[Start of section]

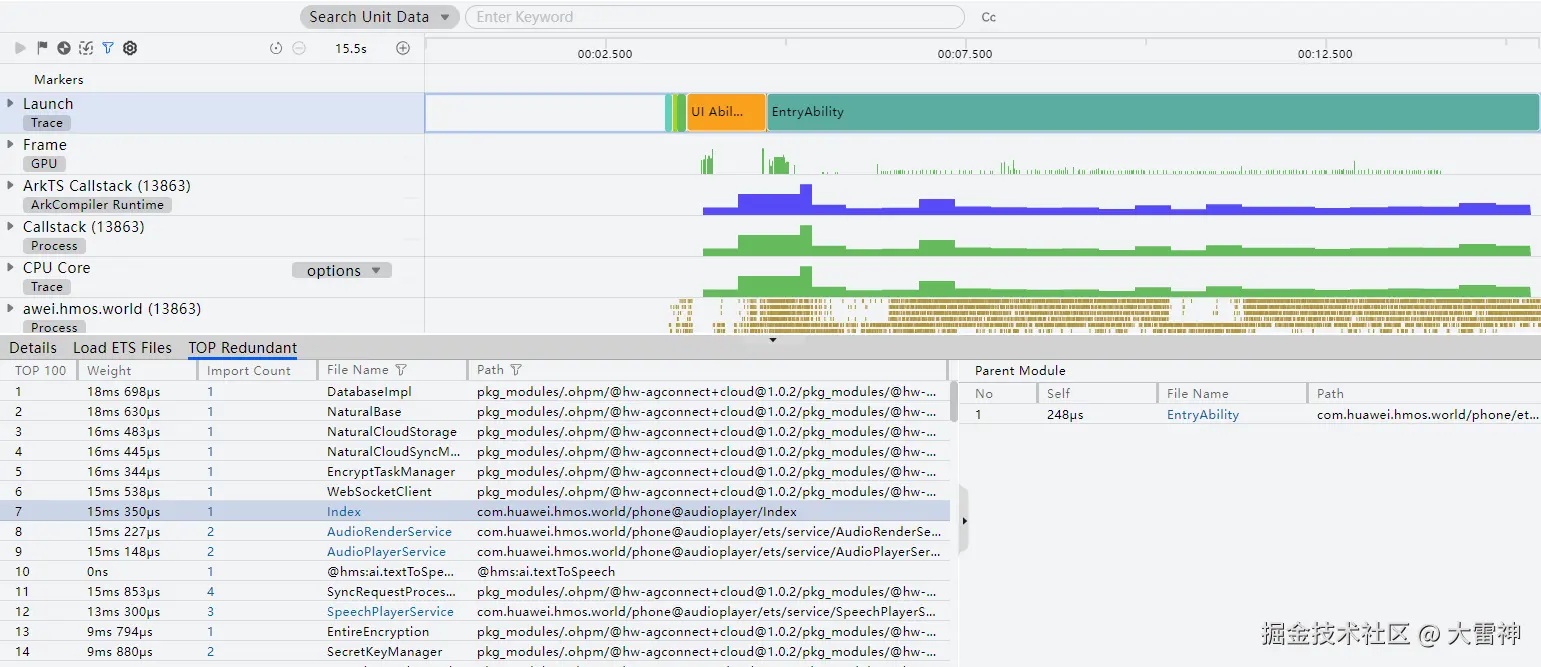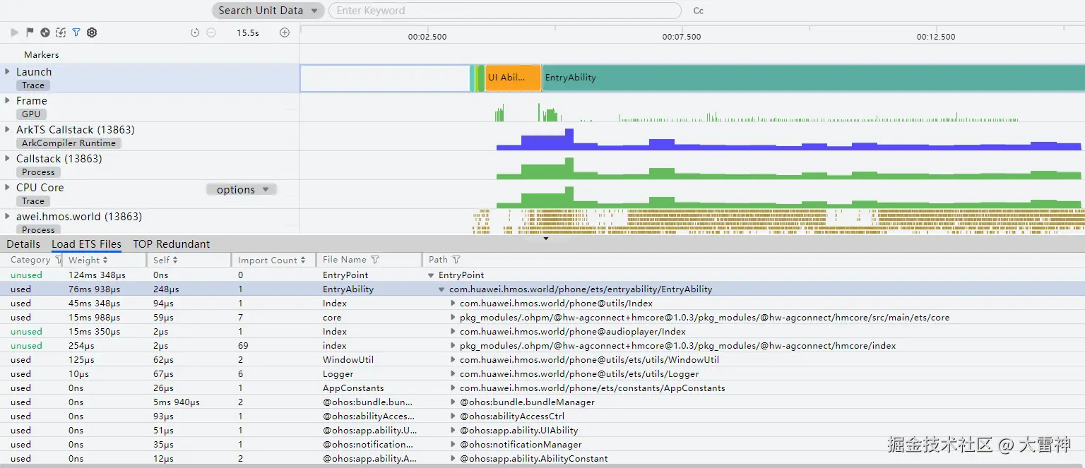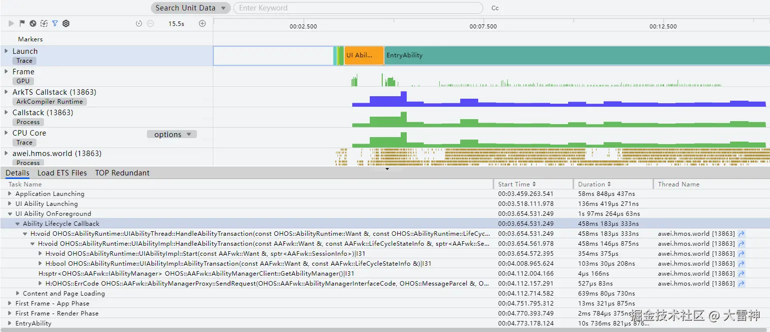 开发应用或元服务过程中,启动速度是很重要的一个指标。如果开发者需要分析启动过程的耗时瓶颈,优化应用或元服务的冷启动速度,可使用DevEco Profiler提供的Launch场景分析能力,录制启动过程中的关键数据进行分析,从而识别出导致启动缓慢的原因所在。此外,Launch任务窗口还集成了Time、CPU、Frame、Network场景分析任务的功能,方便开发者在分析启动耗时的过程中同步对比同一时段的其他资源占用情况
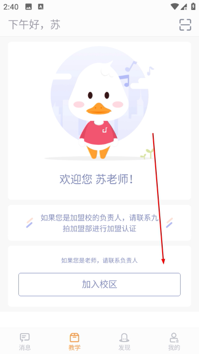 3、在教学界面点击加入校区按钮,进入机构校区的相关设置。
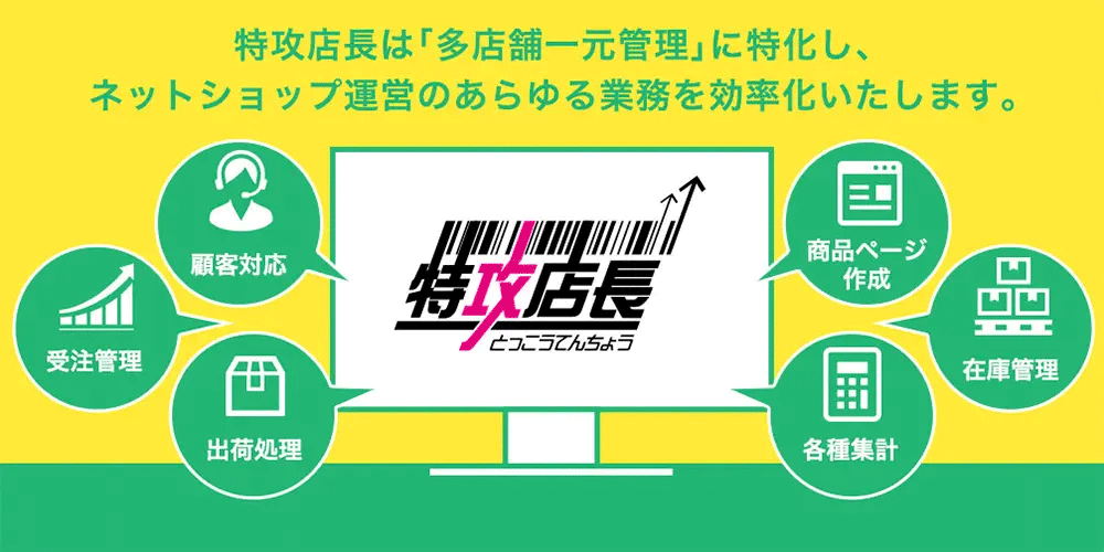 特攻店長は多店舗一元管理に特化し、ネットショップ運営のあらゆる業務を効率化する一元管理システムです。楽天市場、Amazon、Yahoo!ショッピング、自社サイトなど、複数の販売チャネルを一括で管理し、受注・在庫・出荷業務を自動化。煩雑な作業を効率化し、人的ミスを防止するとともに、戦略的な業務へ集中できる環境を提供します。これにより、EC事業者様は業務の効率化とコスト削減を実現しながら、さらなる事業成長を目指すことが可能になります。
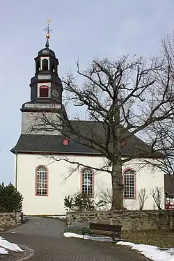 Die kleine Saalkirche mit drei Jochen wurde 1729 erbaut. Aus dem Satteldach des Kirchenschiffs erhebt sich im Westen ein schiefergedeckter, quadratischer Dachturm mit einer achtseitigen Haube, hinter dessen Klangarkaden sich der Glockenstuhl befindet. Außerdem beherbergt sie die Turmuhr. Darauf sitzt eine offene Laterne.
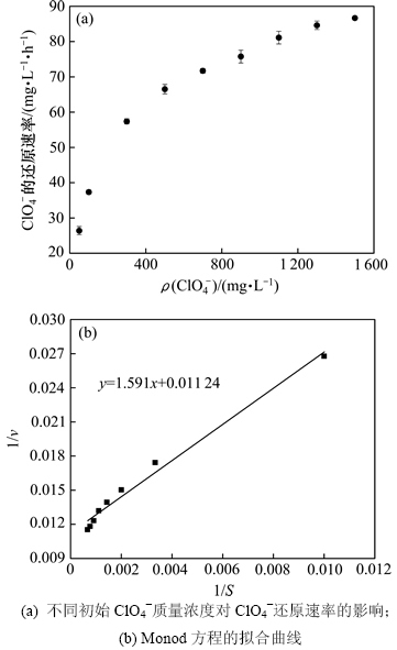 实验中,初始ClO4-质量浓度分别取0,50,100,300,500,700,900,1 100,1 300和1 500 mg/L,得出其对ClO4-厌氧还原速率的影响如图1(a)所示。表明ClO4-的还原速率随着ClO4-质量浓度增大而增大,当ClO4-质量浓度达到1 500 mg/L时,ClO4-的还原速率趋于平稳。
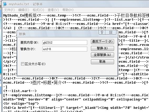 2.使用替換功能,將gb2312 替換成 utf-8 ,替換完另存為UTF-8編碼,再將名字改回*.temp,到帝國后臺導入,這個模板就成了utf8版同時不會有亂碼。
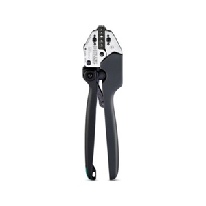 Pince à sertir, corps de pince compact, connecteur coaxial 1,69 mm, 5,41 mm, 6,48 mm, trois stations de matrice marquées, dispositif de verrouillage déverrouillable, introduction latérale, sertissage Hex
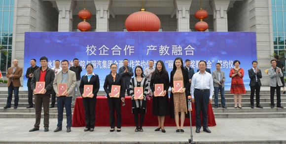 下午2时53分,丽汽集团常务副总经理何赤诠与丽水职业技术学院党委副书记杨云峰签订“丽汽集团奖教学金”设立协议。
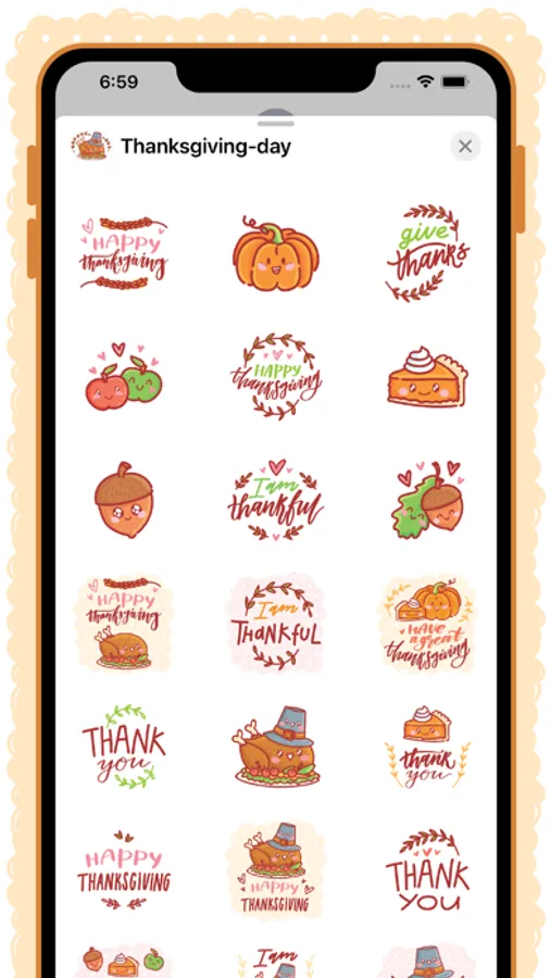 Set of 36 hand drawn stickers with cute Thanksgiving Day illustrations ;) * If you like this stickers, please check out my other packs by clicking on Developer button on this page - there are a lot interesting stuff too! :)

[End of section]

### TO DO
The records above should be reproduced exactly, with no pictures included.

### TASK SOLUTION
 开发应用或元服务过程中,启动速度是很重要的一个指标。如果开发者需要分析启动过程的耗时瓶颈,优化应用或元服务的冷启动速度,可使用DevEco Profiler提供的Launch场景分析能力,录制启动过程中的关键数据进行分析,从而识别出导致启动缓慢的原因所在。此外,Launch任务窗口还集成了Time、CPU、Frame、Network场景分析任务的功能,方便开发者在分析启动耗时的过程中同步对比同一时段的其他资源占用情况
 3、在教学界面点击加入校区按钮,进入机构校区的相关设置。
 特攻店長は多店舗一元管理に特化し、ネットショップ運営のあらゆる業務を効率化する一元管理システムです。楽天市場、Amazon、Yahoo!ショッピング、自社サイトなど、複数の販売チャネルを一括で管理し、受注・在庫・出荷業務を自動化。煩雑な作業を効率化し、人的ミスを防止するとともに、戦略的な業務へ集中できる環境を提供します。これにより、EC事業者様は業務の効率化とコスト削減を実現しながら、さらなる事業成長を目指すことが可能になります。
 Die kleine Saalkirche mit drei Jochen wurde 1729 erbaut. Aus dem Satteldach des Kirchenschiffs erhebt sich im Westen ein schiefergedeckter, quadratischer Dachturm mit einer achtseitigen Haube, hinter dessen Klangarkaden sich der Glockenstuhl befindet. Außerdem beherbergt sie die Turmuhr. Darauf sitzt eine offene Laterne.
 实验中,初始ClO4-质量浓度分别取0,50,100,300,500,700,900,1 100,1 300和1 500 mg/L,得出其对ClO4-厌氧还原速率的影响如图1(a)所示。表明ClO4-的还原速率随着ClO4-质量浓度增大而增大,当ClO4-质量浓度达到1 500 mg/L时,ClO4-的还原速率趋于平稳。
 2.使用替換功能,將gb2312 替換成 utf-8 ,替換完另存為UTF-8編碼,再將名字改回*.temp,到帝國后臺導入,這個模板就成了utf8版同時不會有亂碼。
 Pince à sertir, corps de pince compact, connecteur coaxial 1,69 mm, 5,41 mm, 6,48 mm, trois stations de matrice marquées, dispositif de verrouillage déverrouillable, introduction latérale, sertissage Hex
 下午2时53分,丽汽集团常务副总经理何赤诠与丽水职业技术学院党委副书记杨云峰签订“丽汽集团奖教学金”设立协议。
 Set of 36 hand drawn stickers with cute Thanksgiving Day illustrations ;) * If you like this stickers, please check out my other packs by clicking on Developer button on this page - there are a lot interesting stuff too! :)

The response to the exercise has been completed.